On March 16, 2001 the Company purchased the entire three building complex
with a total of 129,039 square feet, which included the 53,576 square feet
formerly leased by the Company's Laboratory Services segment. The
purchasing entity was New Brighton Business Center LLC, a wholly owned
limited liability company, established by the Company for the sole purpose
of purchasing the entire three building complex. The selling entity was
PHL-OPCO, LP, a Delaware limited partnership, which was an unrelated third
party who had operated the facility as its landlord until the sale to the
Company. The purchase price, exclusive of expenses and closing costs, was
$6,350,000 and was financed by a mortgage loan from Principal Life
Insurance Company of Des Moines, Iowa in the amount of $6,200,000. The
mortgage loan has a term of ten years and is being repaid based on a 20
year amortization schedule with a balloon payment at the end of the ten
year term. The interest rate is fixed at an annual rate of 7.23% for the
first five years at which time the rate will be renegotiated by the
parties. The facility includes other commercial tenants who have individual
leases that range from 4 years to less then 1 year in duration. The current
annual rent paid by such third party tenants, excluding their pro-rata
share of operating expenses, is $431,000 per year.

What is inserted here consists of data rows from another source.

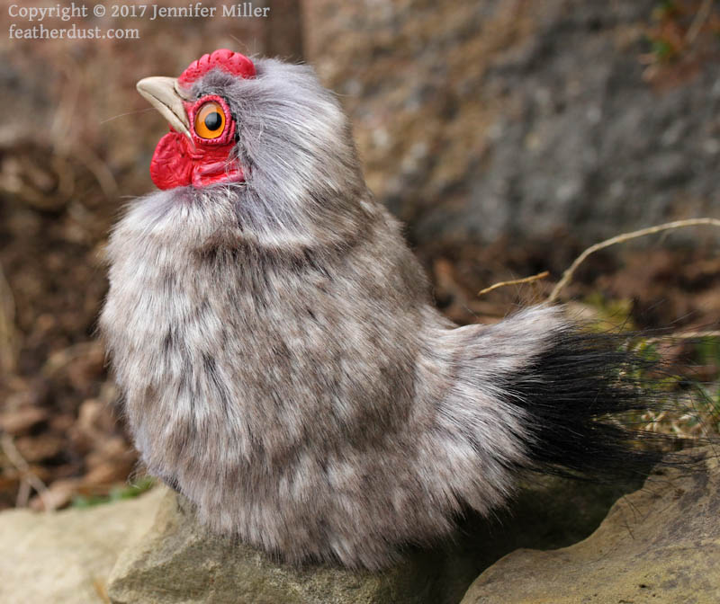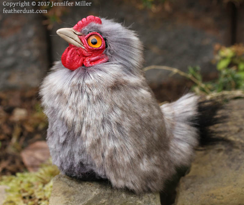 This soft sculpture has been completely hand crafted using epoxy, glass eyes, a wire armature, foam, and faux fur (no real fur used!), paint, ink, and glue. Because epoxy was used instead of clay or other materials, this sculpture is extremely solid and it would take great acts of violence to break or chip it (please do not enact great acts of violence on this fuzzy bird). That said, the paint can still be scratched, so be kind.
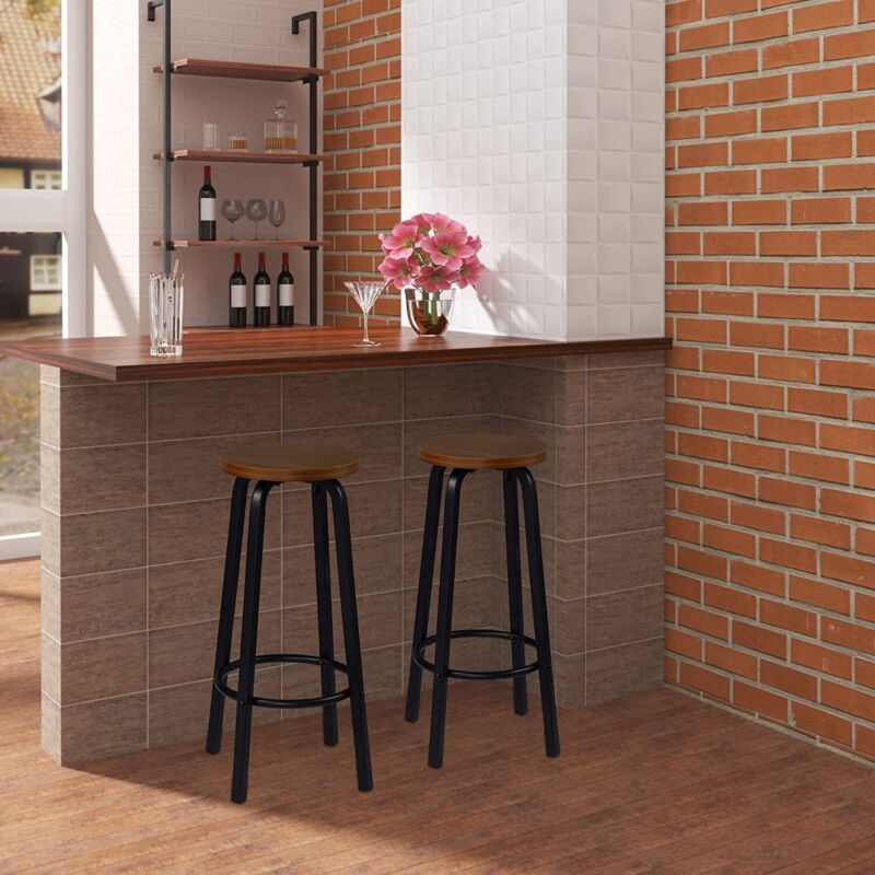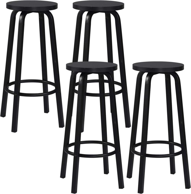4 x Bar Stools Retro Breakfast Kitchen Bar High Chairs MDF Seat Metal Legs
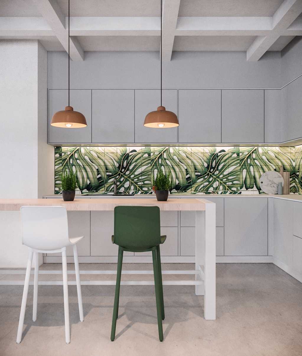 5. Серый с зеленым. Вся зеленая палитра благоприятно действует на психику человека. Хотите оформить интерьер в стиле эко? Используйте серые и зеленые цвета. В дизайн можно гармонично вписать натуральные материалы в качестве акцентов. Это может быть столешница, фартук, часть фасадов.
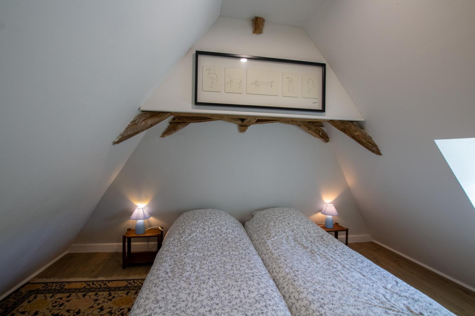 A spiral staircase leads to the last attic bedroom, which has two 80x190cm beds.
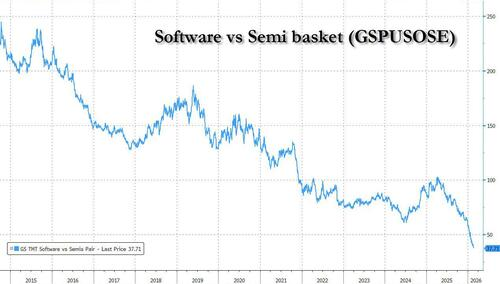 对冲基金的资金流向进一步加剧了市场的极端头寸分布。据摩根士丹利主经纪商业务(PB)的数据显示,今年以来,对冲基金净买入半导体和从电力到AI受益股的全栈AI资产,将这些板块的敞口推高至2020年以来的最高点。而在硬币的另一面,摩根士丹利的基础设施软件篮子(MSXXINSW)成为今年以来遭到抛售最多的主题,其仓位已降至2020年以来的第0个百分位。
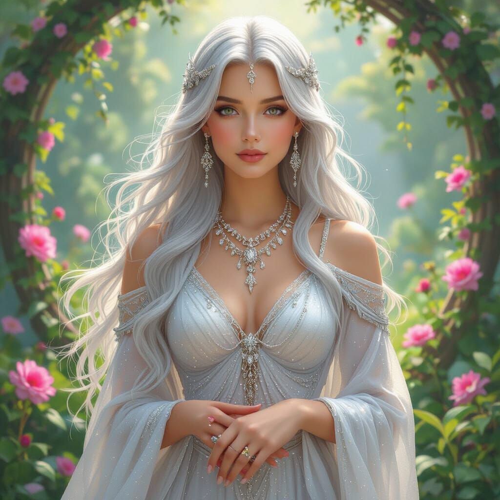 This image shows a goddess in a celestial garden. She has long silver hair and wears stardust-shimmering gown. The artwork blends art nouveau with hyperrealism, creating a cosmic surreal aesthetic.
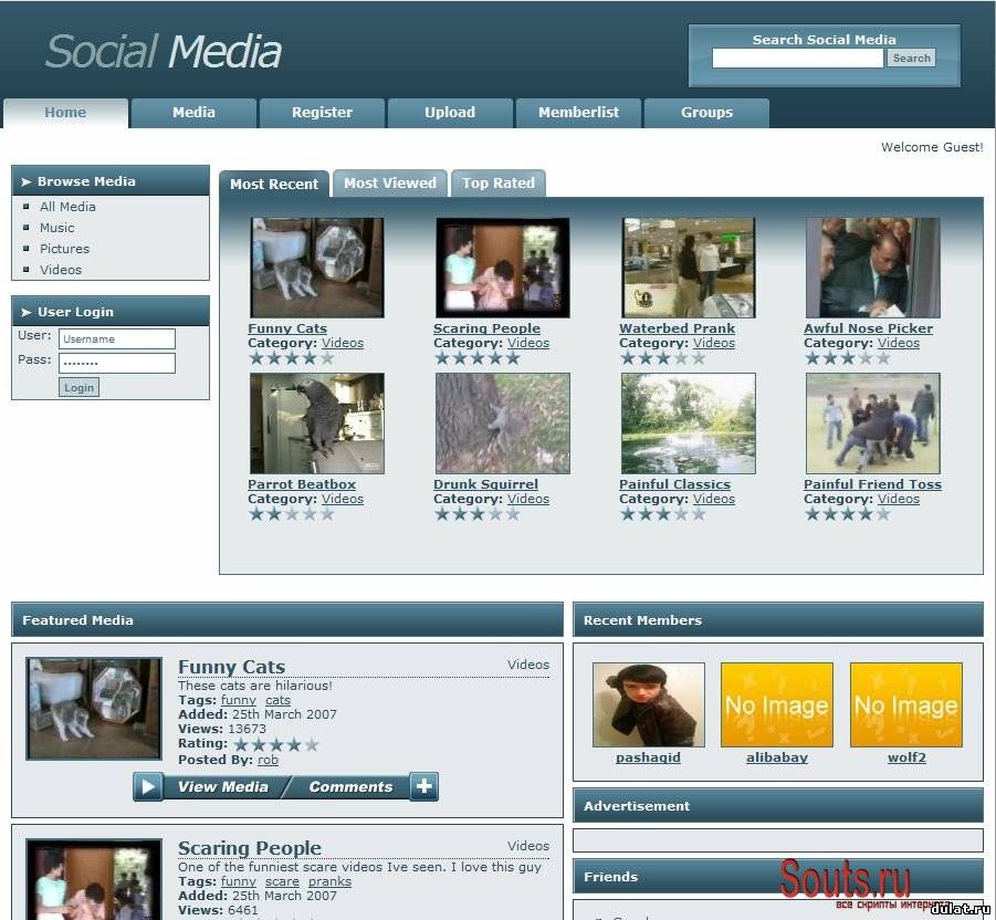 Пользователи могут добавлять изображения,видеоролики, музыку.Скрипт немного напоминает youtobe .
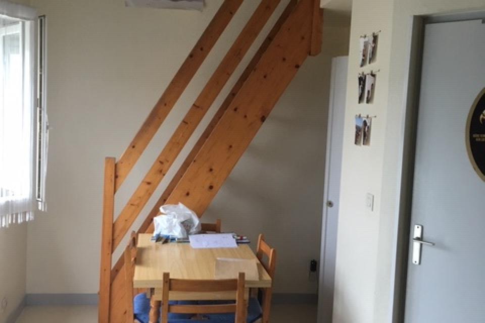 Rue de Vern - Dans petite copropriété - Type 1 duplex en bon état - 30.08 m2 hab - Entrée - Pièce principale avec kitchenette équipée - Salle de bains avec wc - Chambre en duplex - Stationnement dans la copropriété - Libre le 5 janvier - Loyer 486.62 € + 30 € - Honoraires à la charge de l'acquéreur 391.04 € dont 90.24 € pour l'état des lieux
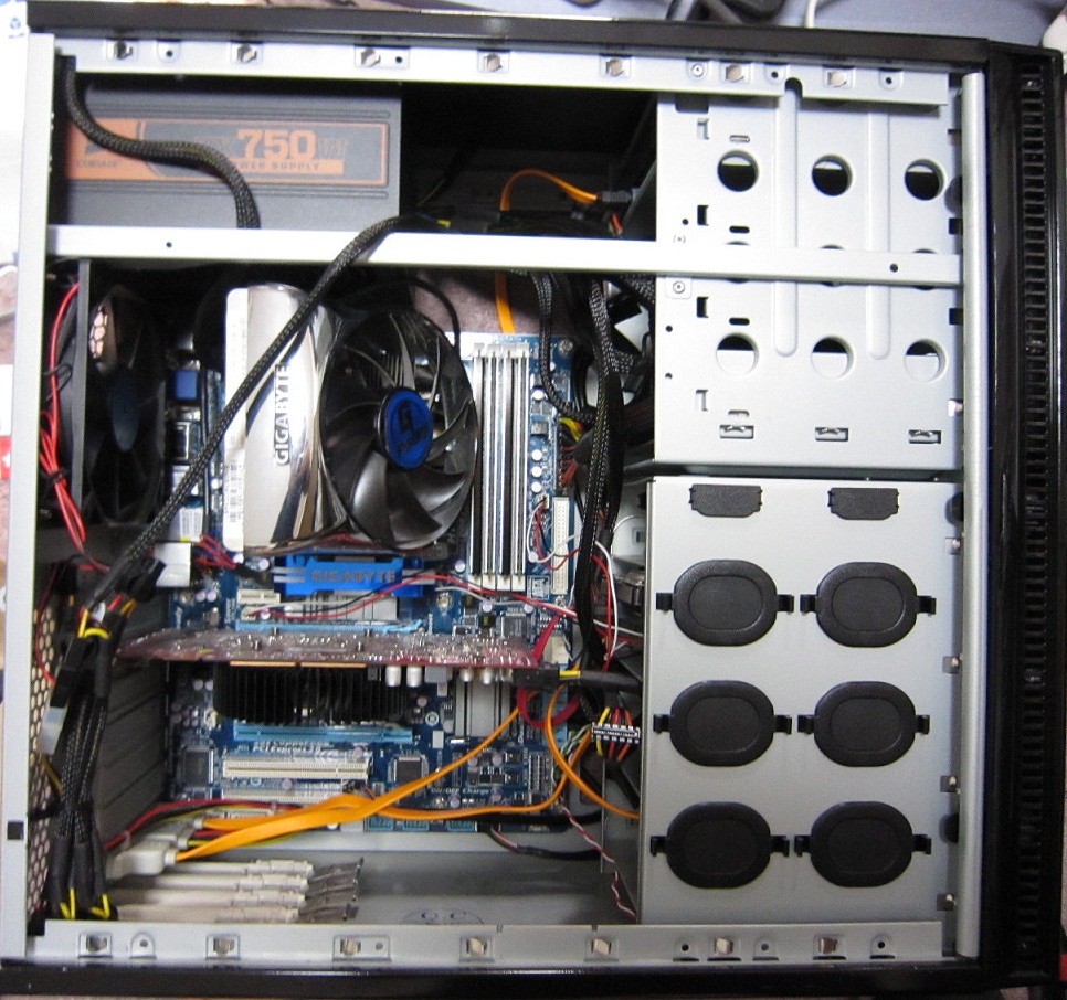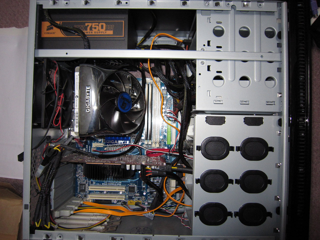 こんな感じ。上二つ外すだけでかなりすっきり。てか CPU クーラーがでかすぎっすね。
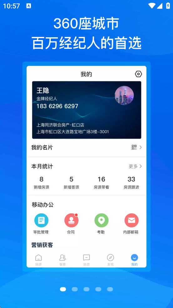 3、移动办公工具:集成合同管理、贷款计算、考勤打卡、IM微聊等功能,实现全流程移动化办公。
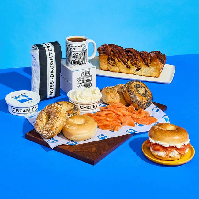 This package includes a pound of Gaspe Nova Smoked Salmon, six assorted bagels, a pound of plain cream cheese, a choice of a cinnamon or chocolate babka, 12 ounces of ground coffee, and a Russ & Daughters ceramic storefront mug. There’s also an option to add on additional merch, like a sweatshirt or T-shirt.
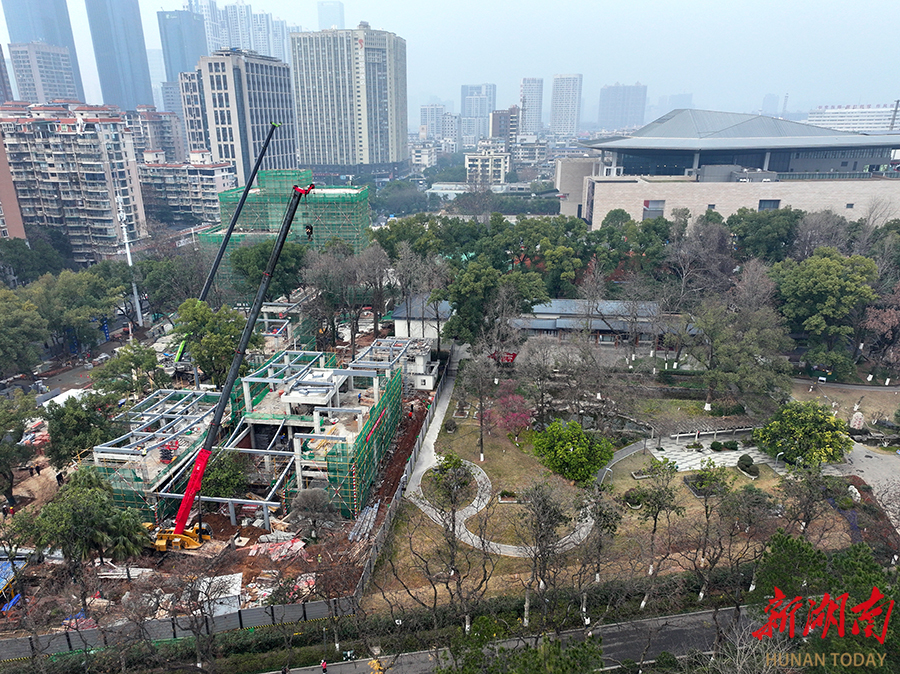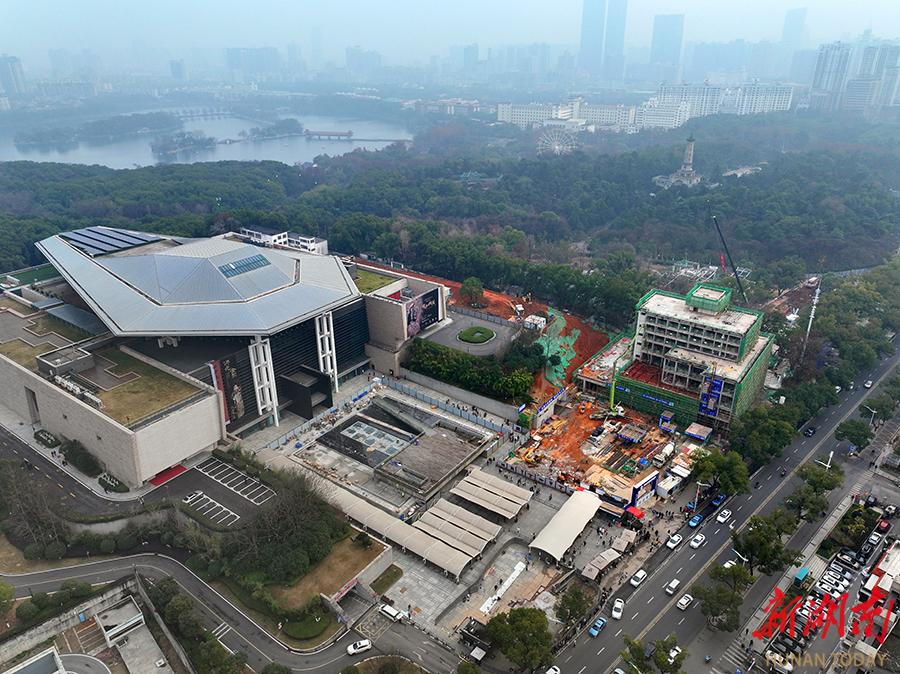 1月18日,全国首个“博物馆+公园”模式的湖南烈士公园西广场文旅项目(“馆园融合”工程)正有序推进。该项目去年6月启动,占地2.9万平方米,现已打通湖南省博物馆与烈士公园通道,新建建筑、广场铺设及绿化工程同步施工。本月底将完成融合广场建设,计划4月20日前全面竣工投用,实现文化与自然景观的无缝衔接。 湖南日报全媒体记者 赵持 摄
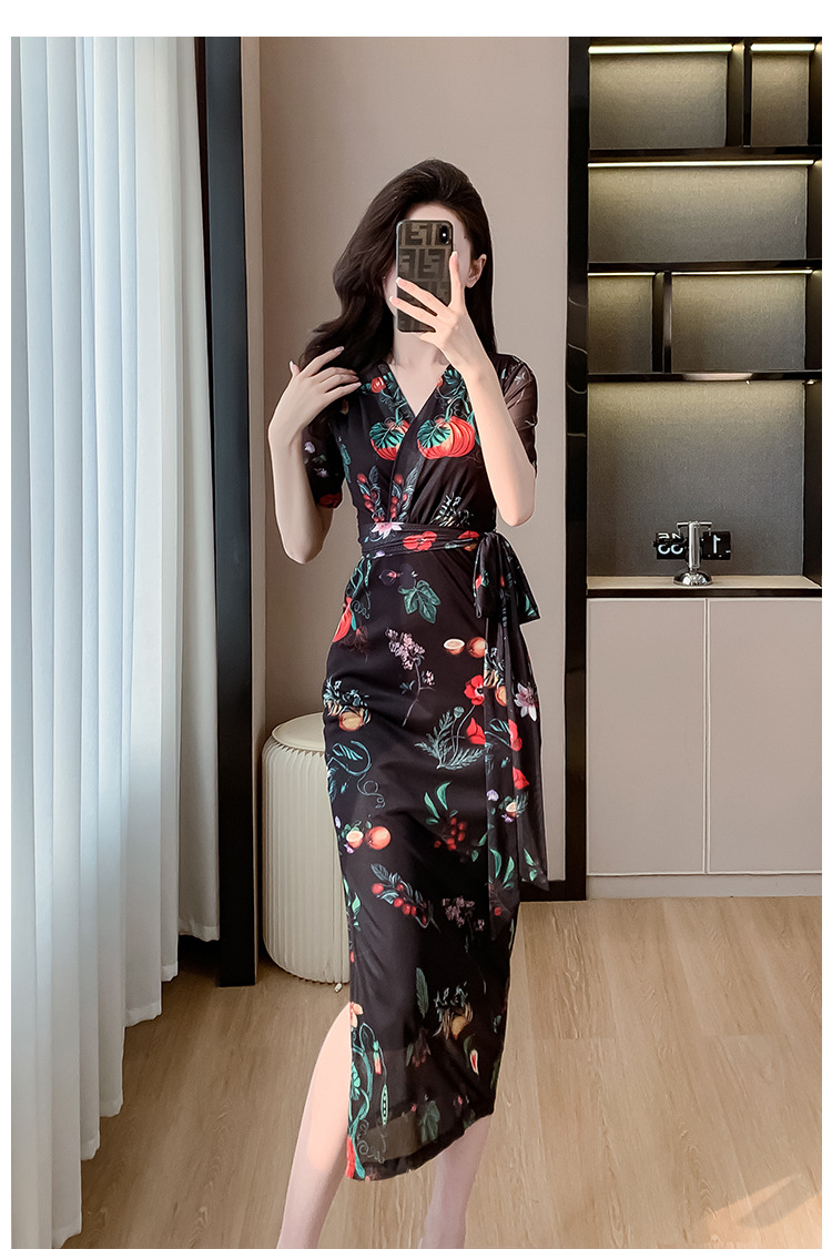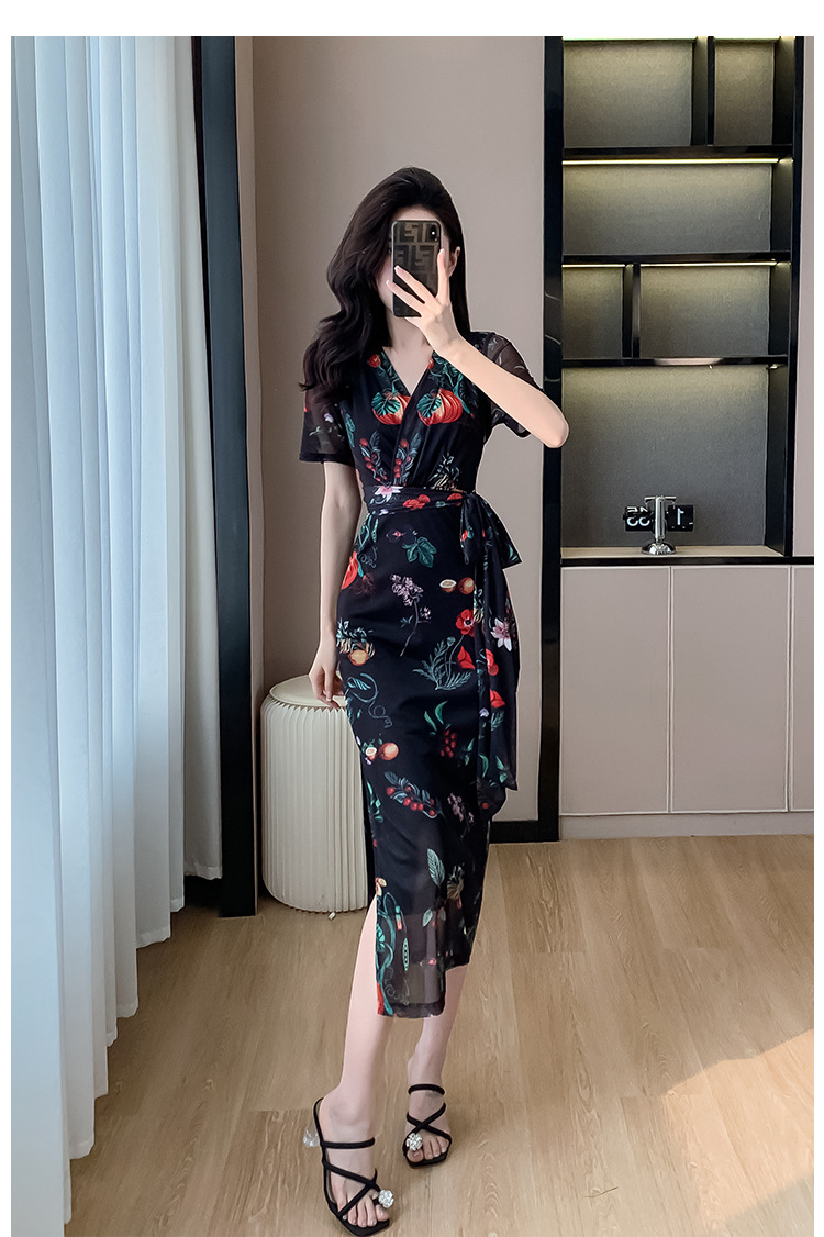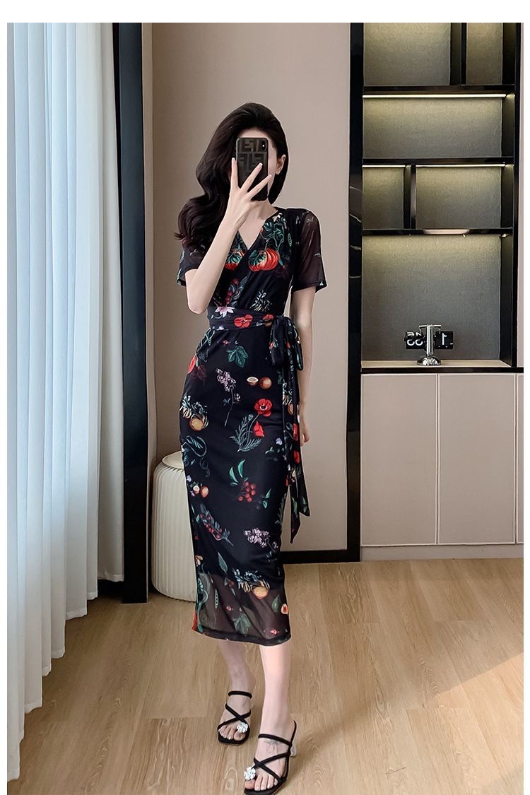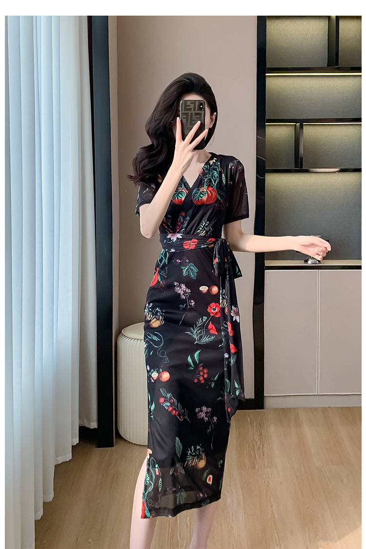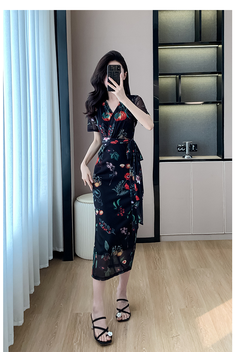 Chiếc đầm này mang nét đẹp kiểu cách với họa tiết in tinh tế. Thiết kế có cổ chữ V nhẹ nhàng, kết hợp dây buộc nơ duyên dáng. Chất vải mỏng nhẹ tạo cảm giác thoải mái, ôm nhẹ cơ thể và phom dáng bút chì giúp tôn đường nét. Sản phẩm phù hợp cho nhiều dịp đi chơi hay gặp mặt. Bạn có thể mặc cùng giày sandal hoặc giày gót thấp để hoàn thiện bộ trang phục. | Tên sản phẩm: Váy Đầm Liền Thân Nữ Dáng Ôm Lưới Mỏng Họa Tiết Hoa Cổ Chữ V Hàng Mùa Hè - Thời Trang Nữ | Mã sản phẩm: B0188 - Giá: 740.000đ | Mã nhà sản xuất: ZHOUT-G02Hình ảnh sản phẩm

16. QUARTERLY INFORMATION (UNAUDITED)
(In thousands, except per share amounts)

First Second Third Fourth
2000 Quarter Quarter Quarter Quarter
---------------------------------------------------------------------------------------------------

Revenues $ 9,676 $ 11,316 $ 11,573 $ 10,315
Gross profit 3,572 4,414 4,722 2,325
Net income (loss) (1) 297 481 477 (3,816)
Basic earnings (loss) per share 0.10 0.17 0.15 (1.09)
Diluted earnings (loss) per share 0.10 0.16 0.14 (1.09)

First Second Third Fourth
1999 Quarter Quarter Quarter Quarter
---------------------------------------------------------------------------------------------------

Revenues $ 7,835 $ 9,152 $ 9,074 $ 8,942
Gross profit 2,589 3,217 3,168 3,280
Net income 160 741 349 169
Basic earnings per share 0.06 0.26 0.12 0.06
Diluted earnings per share 0.06 0.25 0.12 0.06

(1) During the fourth quarter of 2000, the Company reported a net loss of
$3.8 million due to decreased sample volume from existing
drugs-of-abuse clients as a result of adverse weather conditions and

the slowing economy. The Company also experienced higher than expected
expenses during the quarter relating to the reorganization of
laboratory operations and the Chapter 11 bankruptcy filings of two
customers.

SCHEDULE II-VALUATION & QUALIFYING ACCOUNTS

Balance at Charged to Charged to Balance at
Beginning Costs and Other the End of
of Period Expenses Accounts Deductions Period
------------------------------ -----------------------------------------------

Year ended December 31, 2000
Deducted from Asset Accounts
Allowance for Doubtful Accounts $ 274,000 $ 879,000 $ 22,000(1) $ 1,131,000
Restructuring Accrual $ 469,000 $ - $ 309,000(3) $ 160,000

Year ended December 31, 1999
Deducted from Asset Accounts
Allowance for Doubtful Accounts $ 245,000 $ 229,000 $ - $ 200,000(1) $ 274,000
Restructuring Accrual $ 1,155,000 $(165,000)(4) $ - $ 521,000(3) $ 469,000

Year ended December 31, 1998
Deducted from Asset Accounts
Allowance for Doubtful Accounts $ 515,000 $ 42,000 $ - $ 312,000(1) $ 245,000
Restructuring Accrual $ 786,000 $711,000(2) $ - $ 342,000(2) $ 1,155,000

(1) Uncollectible accounts written off, net of recoveries.
(2) Represents payments of lease obligations and an increase of estimate on
future lease payments.
(3) Represents payments of lease obligations.
(4) Represents a decrease in reserves due to a more favorable settlement of
certain lease Contingencies originally accrued for in 1998.